*** Block opens ***

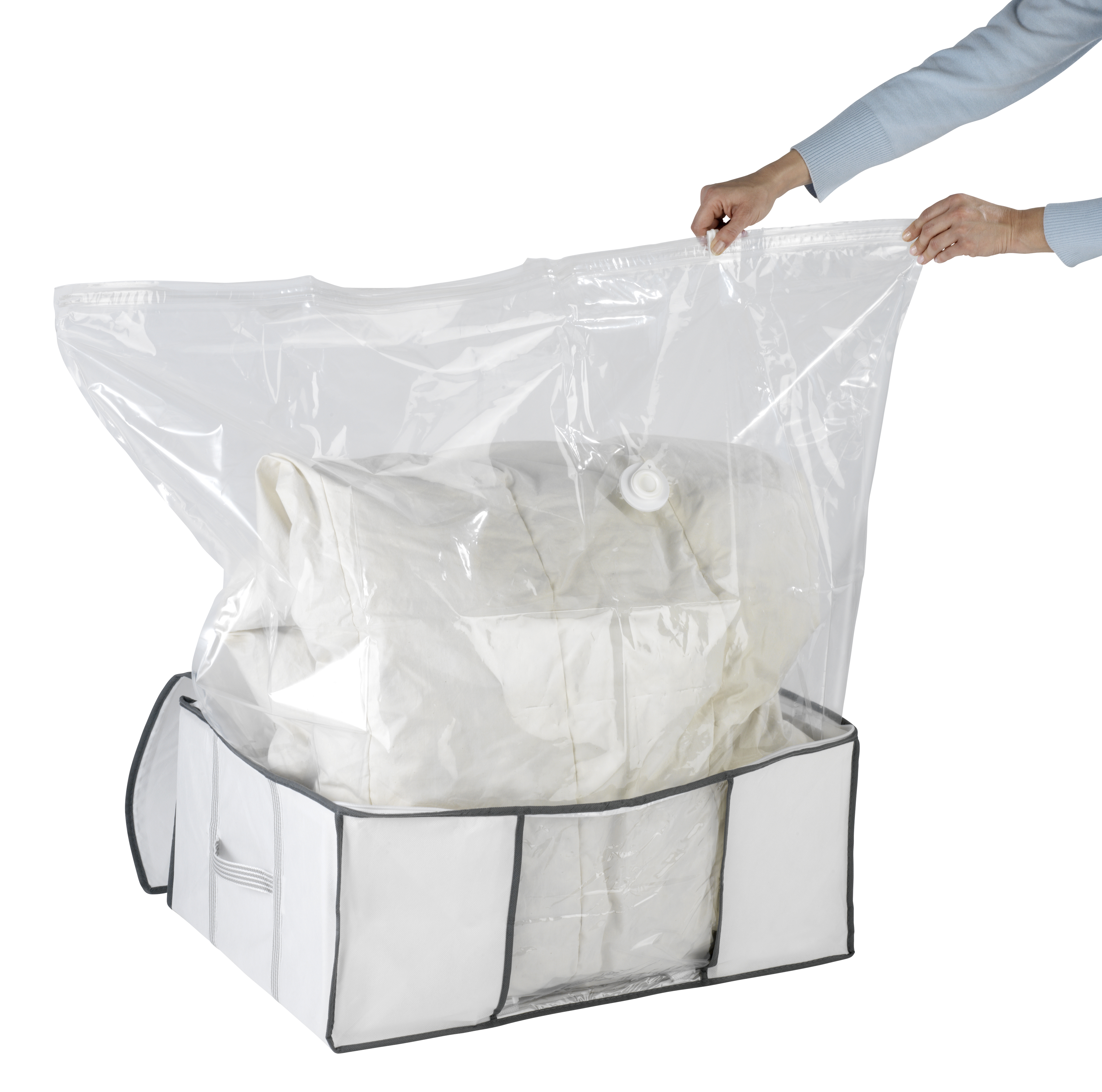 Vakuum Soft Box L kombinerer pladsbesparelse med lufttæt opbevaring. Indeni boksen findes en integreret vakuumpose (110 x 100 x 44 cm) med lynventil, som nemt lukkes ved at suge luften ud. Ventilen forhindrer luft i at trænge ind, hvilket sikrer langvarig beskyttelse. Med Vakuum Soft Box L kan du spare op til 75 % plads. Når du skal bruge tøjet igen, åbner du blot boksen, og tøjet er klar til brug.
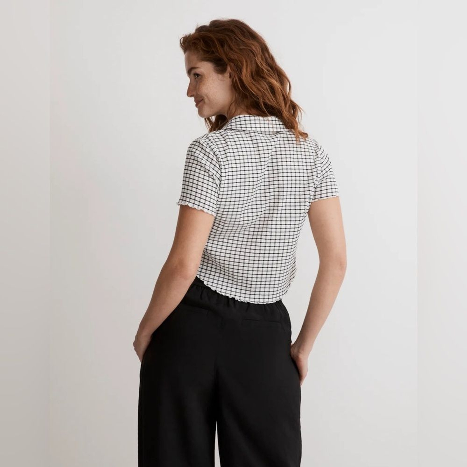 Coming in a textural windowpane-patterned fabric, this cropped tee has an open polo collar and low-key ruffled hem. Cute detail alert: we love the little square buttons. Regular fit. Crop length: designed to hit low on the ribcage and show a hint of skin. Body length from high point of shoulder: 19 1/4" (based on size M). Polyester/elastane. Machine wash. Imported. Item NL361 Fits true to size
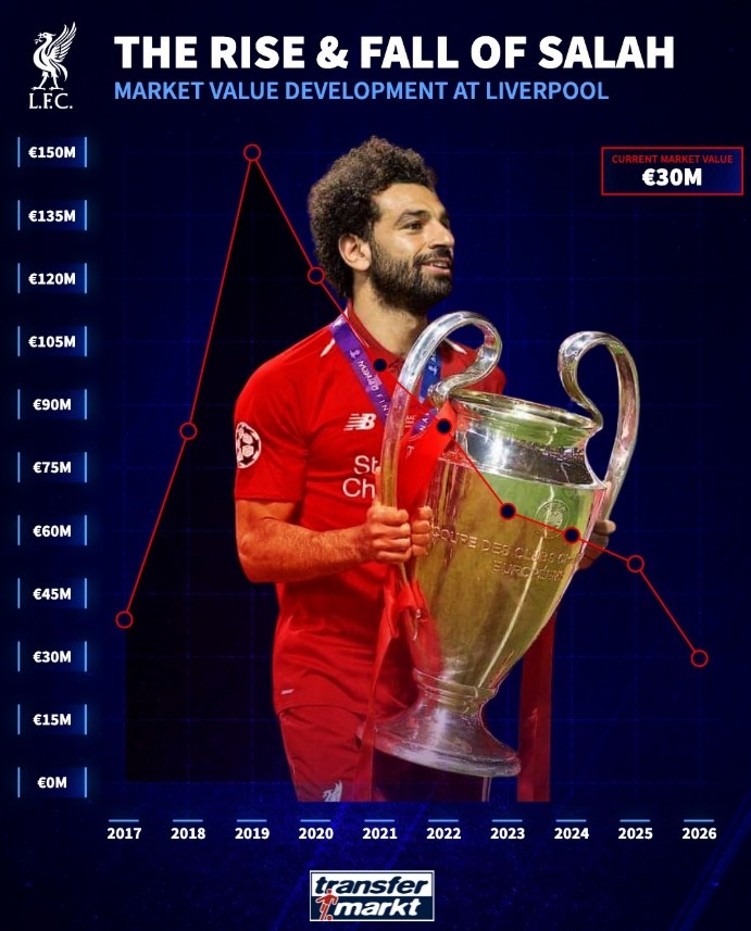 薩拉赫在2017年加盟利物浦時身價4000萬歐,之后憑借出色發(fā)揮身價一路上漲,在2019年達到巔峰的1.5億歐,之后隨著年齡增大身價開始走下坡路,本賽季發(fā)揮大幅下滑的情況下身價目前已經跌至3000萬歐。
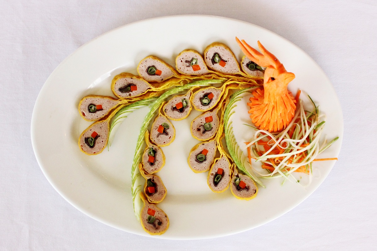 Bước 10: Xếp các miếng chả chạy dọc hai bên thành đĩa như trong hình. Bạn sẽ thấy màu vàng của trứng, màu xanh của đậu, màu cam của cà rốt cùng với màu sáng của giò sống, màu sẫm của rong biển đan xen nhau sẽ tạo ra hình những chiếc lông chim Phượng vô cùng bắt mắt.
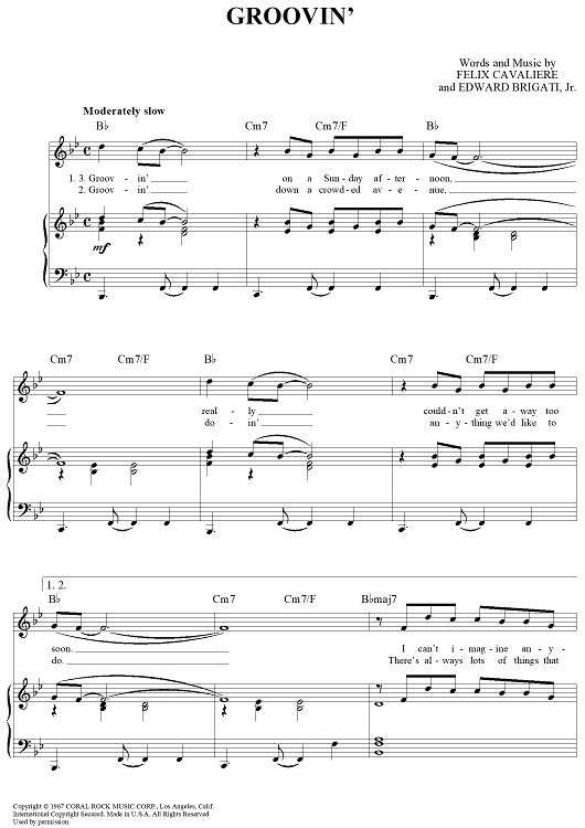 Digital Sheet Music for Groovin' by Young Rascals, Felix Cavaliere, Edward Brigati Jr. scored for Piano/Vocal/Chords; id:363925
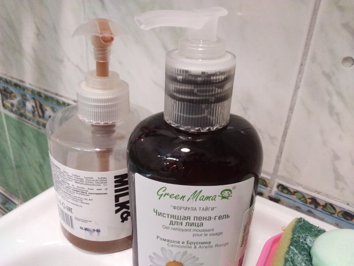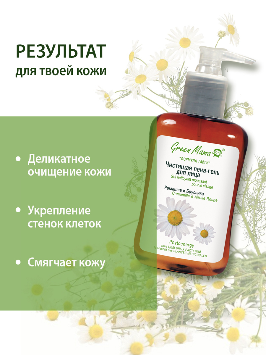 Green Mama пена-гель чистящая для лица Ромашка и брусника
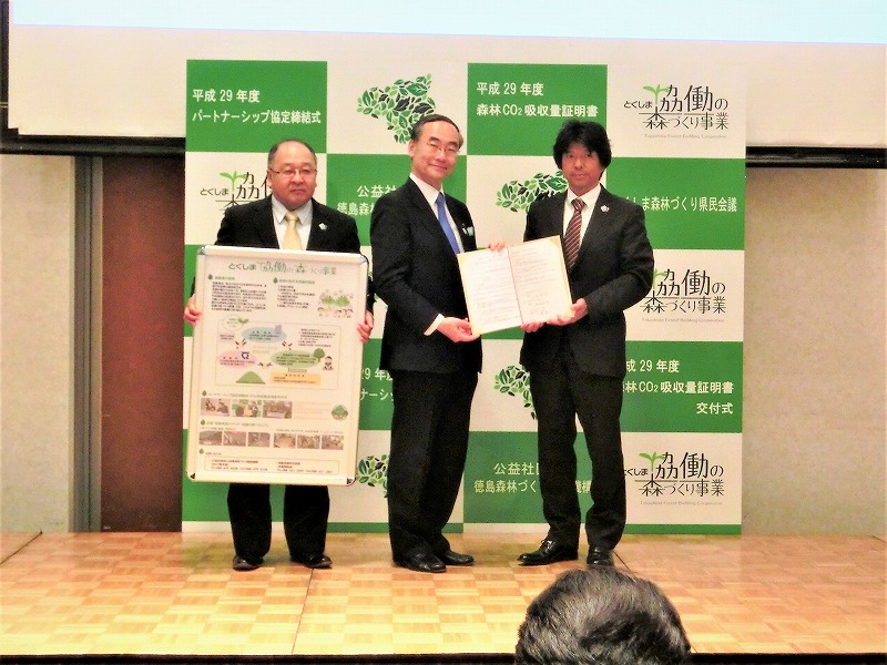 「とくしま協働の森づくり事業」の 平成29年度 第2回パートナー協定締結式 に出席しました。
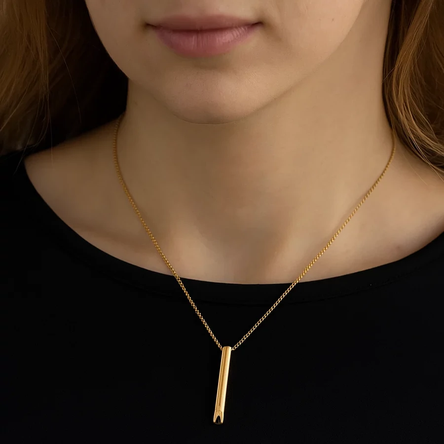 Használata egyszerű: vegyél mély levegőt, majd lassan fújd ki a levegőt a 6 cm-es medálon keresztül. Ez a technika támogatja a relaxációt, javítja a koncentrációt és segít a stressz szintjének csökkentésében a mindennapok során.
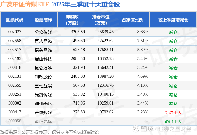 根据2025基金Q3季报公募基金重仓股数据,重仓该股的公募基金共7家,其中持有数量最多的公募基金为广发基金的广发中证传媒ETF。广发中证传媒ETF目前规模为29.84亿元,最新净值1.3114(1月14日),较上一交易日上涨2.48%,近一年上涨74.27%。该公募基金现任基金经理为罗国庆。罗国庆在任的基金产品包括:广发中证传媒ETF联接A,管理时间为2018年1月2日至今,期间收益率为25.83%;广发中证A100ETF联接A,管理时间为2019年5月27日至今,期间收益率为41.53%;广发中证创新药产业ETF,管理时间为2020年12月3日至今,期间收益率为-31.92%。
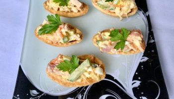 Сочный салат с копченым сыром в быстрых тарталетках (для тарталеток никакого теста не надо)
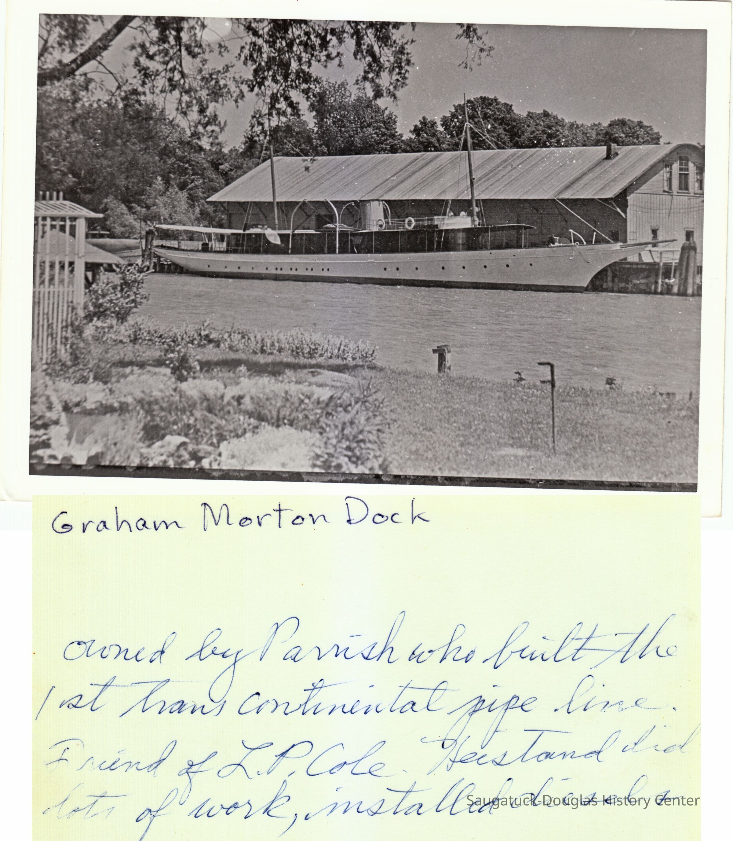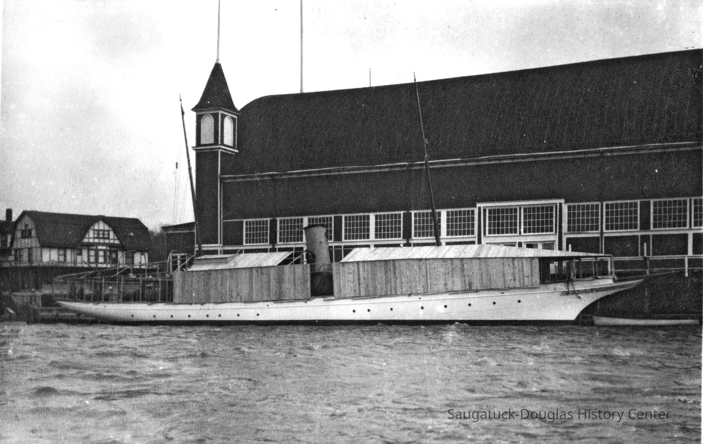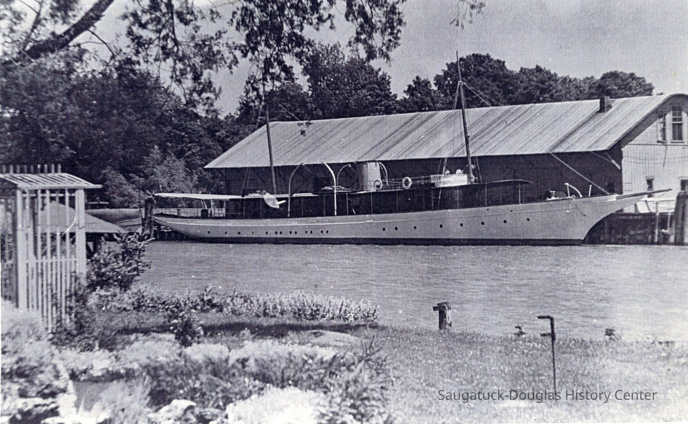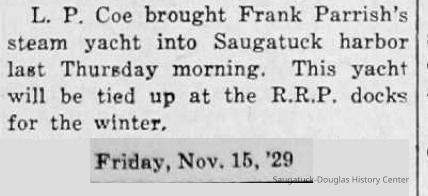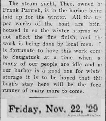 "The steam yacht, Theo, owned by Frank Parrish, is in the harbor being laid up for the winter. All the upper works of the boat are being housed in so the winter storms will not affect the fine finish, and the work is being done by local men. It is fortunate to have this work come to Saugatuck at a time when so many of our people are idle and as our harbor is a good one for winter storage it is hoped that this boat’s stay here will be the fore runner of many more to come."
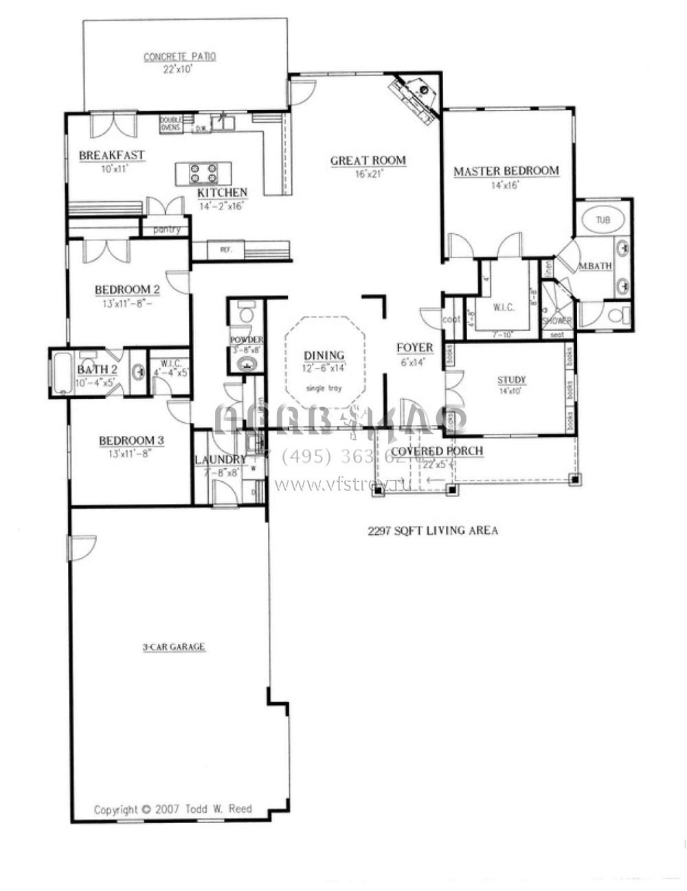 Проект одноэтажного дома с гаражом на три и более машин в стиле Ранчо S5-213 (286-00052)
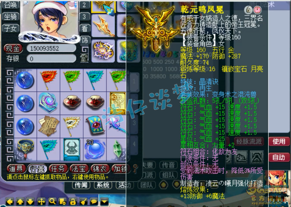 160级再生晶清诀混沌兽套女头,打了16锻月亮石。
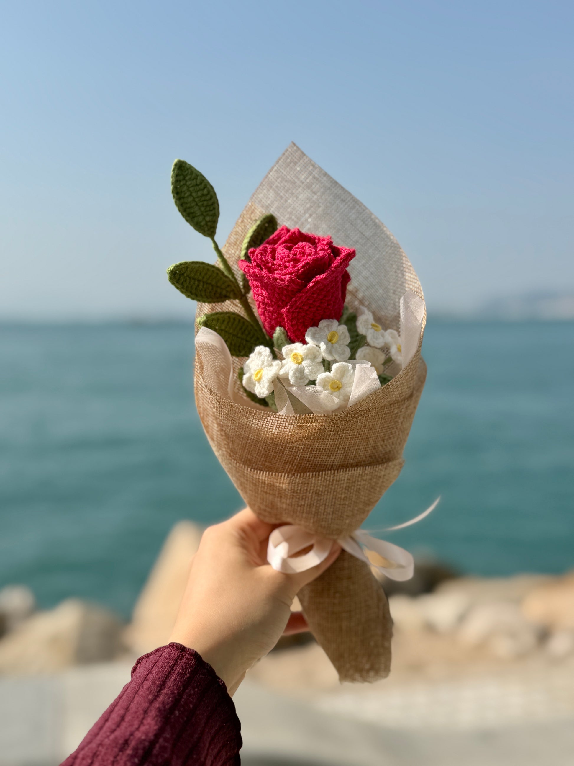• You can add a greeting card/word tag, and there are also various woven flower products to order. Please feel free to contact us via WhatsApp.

*** Block closes ***

* [Work request]:
Return the records above verbatim, leaving out images.

* [Answer for the task]:
 Vakuum Soft Box L kombinerer pladsbesparelse med lufttæt opbevaring. Indeni boksen findes en integreret vakuumpose (110 x 100 x 44 cm) med lynventil, som nemt lukkes ved at suge luften ud. Ventilen forhindrer luft i at trænge ind, hvilket sikrer langvarig beskyttelse. Med Vakuum Soft Box L kan du spare op til 75 % plads. Når du skal bruge tøjet igen, åbner du blot boksen, og tøjet er klar til brug.
 Coming in a textural windowpane-patterned fabric, this cropped tee has an open polo collar and low-key ruffled hem. Cute detail alert: we love the little square buttons. Regular fit. Crop length: designed to hit low on the ribcage and show a hint of skin. Body length from high point of shoulder: 19 1/4" (based on size M). Polyester/elastane. Machine wash. Imported. Item NL361 Fits true to size
 薩拉赫在2017年加盟利物浦時身價4000萬歐,之后憑借出色發(fā)揮身價一路上漲,在2019年達到巔峰的1.5億歐,之后隨著年齡增大身價開始走下坡路,本賽季發(fā)揮大幅下滑的情況下身價目前已經跌至3000萬歐。
 Bước 10: Xếp các miếng chả chạy dọc hai bên thành đĩa như trong hình. Bạn sẽ thấy màu vàng của trứng, màu xanh của đậu, màu cam của cà rốt cùng với màu sáng của giò sống, màu sẫm của rong biển đan xen nhau sẽ tạo ra hình những chiếc lông chim Phượng vô cùng bắt mắt.
 Digital Sheet Music for Groovin' by Young Rascals, Felix Cavaliere, Edward Brigati Jr. scored for Piano/Vocal/Chords; id:363925
 Green Mama пена-гель чистящая для лица Ромашка и брусника
 「とくしま協働の森づくり事業」の 平成29年度 第2回パートナー協定締結式 に出席しました。
 Használata egyszerű: vegyél mély levegőt, majd lassan fújd ki a levegőt a 6 cm-es medálon keresztül. Ez a technika támogatja a relaxációt, javítja a koncentrációt és segít a stressz szintjének csökkentésében a mindennapok során.
 根据2025基金Q3季报公募基金重仓股数据,重仓该股的公募基金共7家,其中持有数量最多的公募基金为广发基金的广发中证传媒ETF。广发中证传媒ETF目前规模为29.84亿元,最新净值1.3114(1月14日),较上一交易日上涨2.48%,近一年上涨74.27%。该公募基金现任基金经理为罗国庆。罗国庆在任的基金产品包括:广发中证传媒ETF联接A,管理时间为2018年1月2日至今,期间收益率为25.83%;广发中证A100ETF联接A,管理时间为2019年5月27日至今,期间收益率为41.53%;广发中证创新药产业ETF,管理时间为2020年12月3日至今,期间收益率为-31.92%。
 Сочный салат с копченым сыром в быстрых тарталетках (для тарталеток никакого теста не надо)
 "The steam yacht, Theo, owned by Frank Parrish, is in the harbor being laid up for the winter. All the upper works of the boat are being housed in so the winter storms will not affect the fine finish, and the work is being done by local men. It is fortunate to have this work come to Saugatuck at a time when so many of our people are idle and as our harbor is a good one for winter storage it is hoped that this boat’s stay here will be the fore runner of many more to come."
 Проект одноэтажного дома с гаражом на три и более машин в стиле Ранчо S5-213 (286-00052)
 160级再生晶清诀混沌兽套女头,打了16锻月亮石。
• You can add a greeting card/word tag, and there are also various woven flower products to order. Please feel free to contact us via WhatsApp.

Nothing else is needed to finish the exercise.